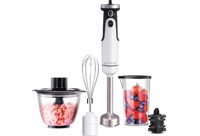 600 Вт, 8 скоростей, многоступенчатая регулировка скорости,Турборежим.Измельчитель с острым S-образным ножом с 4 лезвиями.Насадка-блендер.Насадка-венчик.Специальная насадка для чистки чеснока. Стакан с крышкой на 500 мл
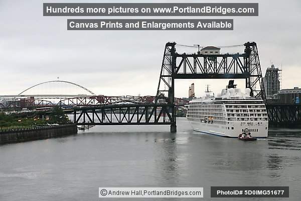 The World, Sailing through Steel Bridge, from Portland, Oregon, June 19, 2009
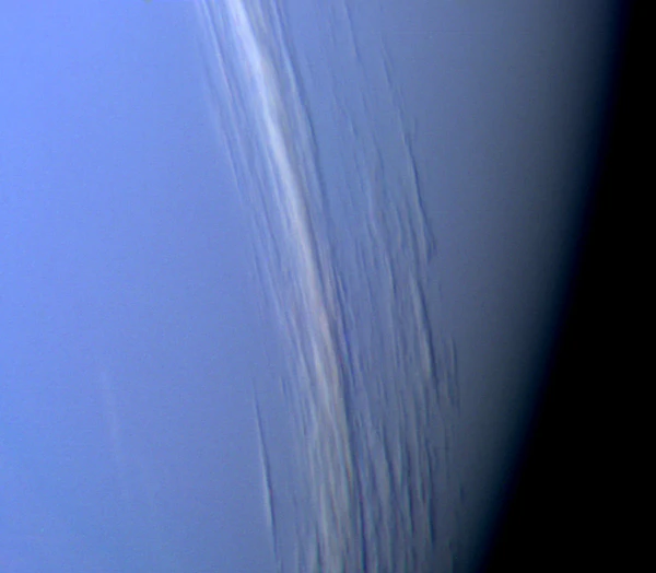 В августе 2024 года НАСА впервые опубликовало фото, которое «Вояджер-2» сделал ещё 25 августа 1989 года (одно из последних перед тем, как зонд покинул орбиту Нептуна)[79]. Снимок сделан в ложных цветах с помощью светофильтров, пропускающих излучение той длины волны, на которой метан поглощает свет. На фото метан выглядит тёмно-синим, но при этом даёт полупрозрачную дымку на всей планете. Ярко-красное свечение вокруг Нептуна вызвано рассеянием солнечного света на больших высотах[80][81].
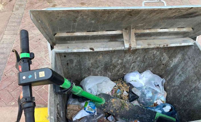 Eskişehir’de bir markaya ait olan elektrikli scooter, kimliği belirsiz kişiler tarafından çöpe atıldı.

WHAT IS REQUIRED ▸
Where an image appears in the data, skip it, and return the rest verbatim.

REPLY ▸
 600 Вт, 8 скоростей, многоступенчатая регулировка скорости,Турборежим.Измельчитель с острым S-образным ножом с 4 лезвиями.Насадка-блендер.Насадка-венчик.Специальная насадка для чистки чеснока. Стакан с крышкой на 500 мл
 The World, Sailing through Steel Bridge, from Portland, Oregon, June 19, 2009
 В августе 2024 года НАСА впервые опубликовало фото, которое «Вояджер-2» сделал ещё 25 августа 1989 года (одно из последних перед тем, как зонд покинул орбиту Нептуна)[79]. Снимок сделан в ложных цветах с помощью светофильтров, пропускающих излучение той длины волны, на которой метан поглощает свет. На фото метан выглядит тёмно-синим, но при этом даёт полупрозрачную дымку на всей планете. Ярко-красное свечение вокруг Нептуна вызвано рассеянием солнечного света на больших высотах[80][81].
 Eskişehir’de bir markaya ait olan elektrikli scooter, kimliği belirsiz kişiler tarafından çöpe atıldı.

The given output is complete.